“If I lose myself on the way… Will you find me?”
This is a question I ask myself every time I learn something new about my life and my sexuality. It scares me because it makes me question myself. Have I ever been truly myself?
Letting your imagination fly
Getting carried away by desire and passion, as well as making real the feelings my body experiences, has proven to be a worthy challenge.
I am moved by desire, arousal and excitement. Until not long ago,
I used to feel guilty for either getting swept up in passion or taking the reins and feeling pleasure with my lovers.
When I started this path…
My mentor focused on teaching me the different physical practices of sexual energy. She taught me how to enjoy myself through the pleasure felt by others.
However, that was her truth, not my own. I was never able to feel pleasure through someone else’s enjoyment. I knew how to give pleasure, just not how to receive it.
I couldn’t get aroused and I would often feel bad and angry, as I didn’t know what was happening to me. If the roles changed and I was the one turned on, whenever my lover couldn’t satisfy my needs, the outcome was the same: I would feel deeply frustrated.

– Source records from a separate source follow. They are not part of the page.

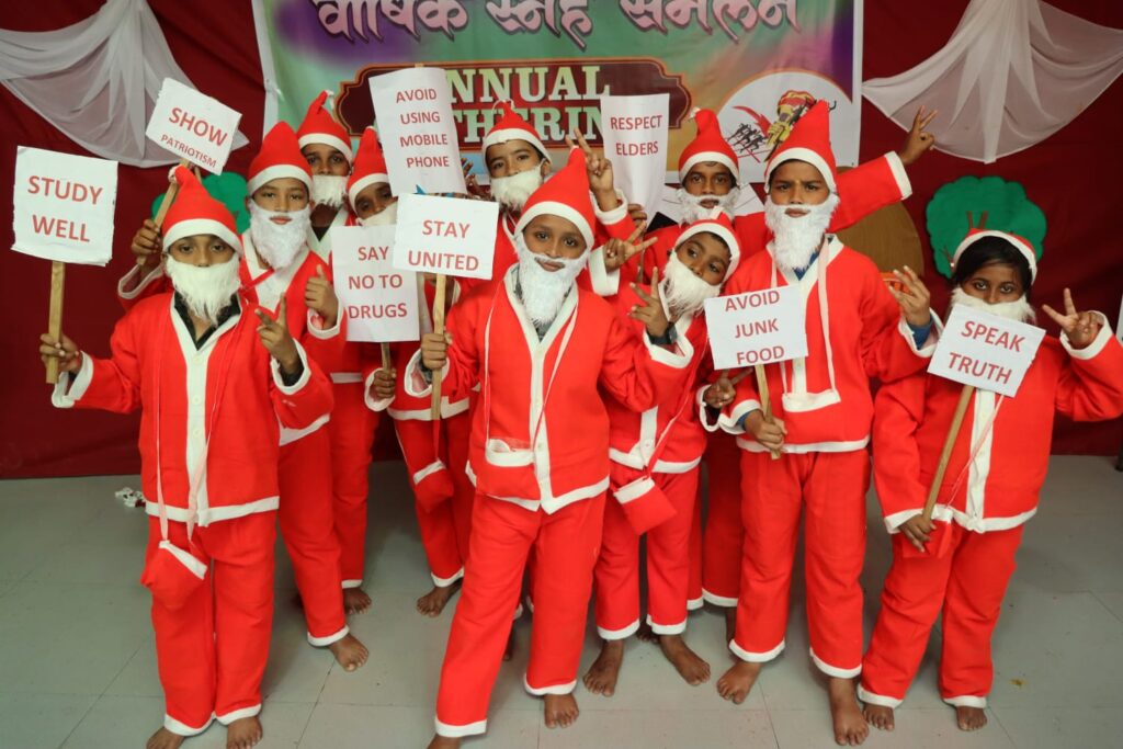 विद्यार्थियों ने हाथों में बोर्ड लेकर जिंगल बेल, जिंगल बेल, जिंगल ऑल द…. गीत गाते हुए उपस्थित विद्यार्थियों व अभिभावकों को संदेश दिया। बता दें कि इस वर्ष का वार्षिक स्नेह सम्मेलन स्कूल के सचिव राजेश सुभेदार, कार्याध्यक्ष ज्योति सुभेदार की संकल्पना से आयोजित किया गया। इस दौरान कैलेंडर वर्ष के अंत में, युवा शराब और अन्य व्यसनों से नए साल का स्वागत करते हैं, लेकिन यह संदेश देना हमारी भारतीय परंपरा नहीं है कि युवाओं को शराब और अन्य हानिकारक पदार्थों से दूर रहना चाहिए स्कूल के सचिव राजेश सुभेदार ने बताया कि इस वर्ष स्नेह सम्मेलन में बच्चों ने सांता क्लॉज बनकर संदेश भेजा।
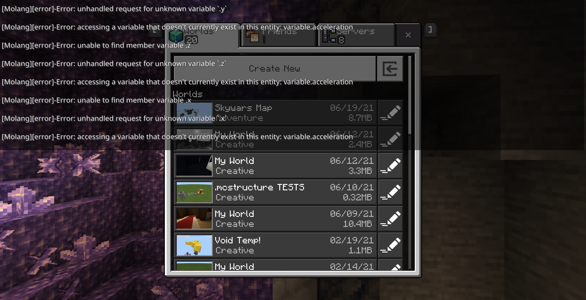Molang error saying things about acceleration, color, and xyz axes. I have been working on a world for weeks and I recently updated it to 1.17. It was working fine until I tried to get the world onto a different computer and now it won't stop spamming these errors. I found out that it also has to do with particle commands. They all still work, but when I destroy the particle commands, the errors stop. I was able to get the errors to stop by disabling things in the creator settings, but this is going to be a public map download and I don't want people to download is without knowing how to stop it. The errors start when I open the world, but are still there when I close the world, and are still there until minecraft is closed and reopened.
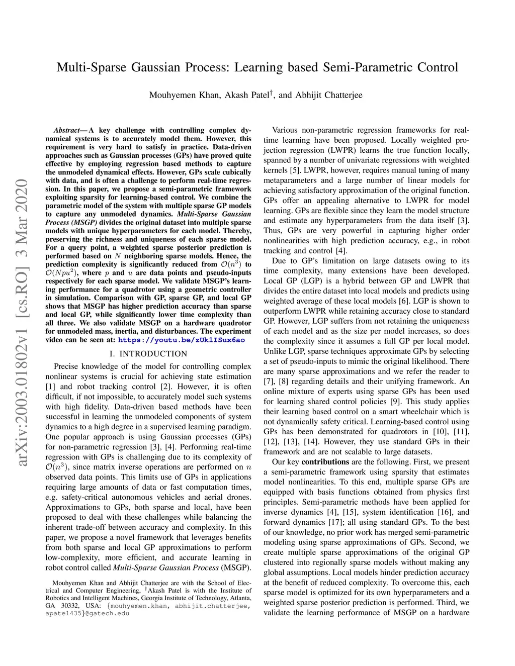 A key challenge with controlling complex dynamical systems is to accurately model them. However, this requirement is very hard to satisfy in practice. Data-driven approaches such as Gaussian processes (GPs) have proved quite effective by employing regression based methods to capture the unmodeled dynamical effects. However, GPs scale cubically with data, and is often a challenge to perform real-time regression. In this paper, we propose a semi-parametric framework exploiting sparsity for learning-based control. We combine the parametric model of the system with multiple sparse GP models to capture any unmodeled dynamics. Multi-Sparse Gaussian Process (MSGP) divides the original dataset into multiple sparse models with unique hyperparameters for each model. Thereby, preserving the richness and uniqueness of each sparse model. For a query point, a weighted sparse posterior prediction is performed based on neighboring sparse models. Hence, the prediction complexity is significantly reduced from to , where and are data points and pseudo-inputs respectively for each sparse model. We validate MSGP's learning performance for a quadrotor using a geometric controller in simulation. Comparison with GP, sparse GP, and local GP shows that MSGP has higher prediction accuracy than sparse and local GP, while significantly lower time complexity than all three. We also validate MSGP on a hardware quadrotor for unmodeled mass, inertia, and disturbances. The experiment video can be seen at: https://youtu.be/zUk1ISux6ao

Eventually, my mentor and I parted ways because she realised she was hurting me. Our lives had to follow different paths. I learnt so many good things from her. However, she also left some scars that I managed to heal as time went by.
I have a new mentor now.
With him I’ve learnt to let my instincts take over and enjoy the whole experience rather than focusing solely on getting an orgasm. An orgasm is a mere consequence of the pleasure I am feeling.
How far will I go?
Sometimes I ask myself how lewd I can be. The answer gets more and more lascivious every time.
Enjoying sounds, vibrations, caresses and words that are aimed to seduce you is such an elixir. I keep wanting more and more. Touching the surface is not enough anymore.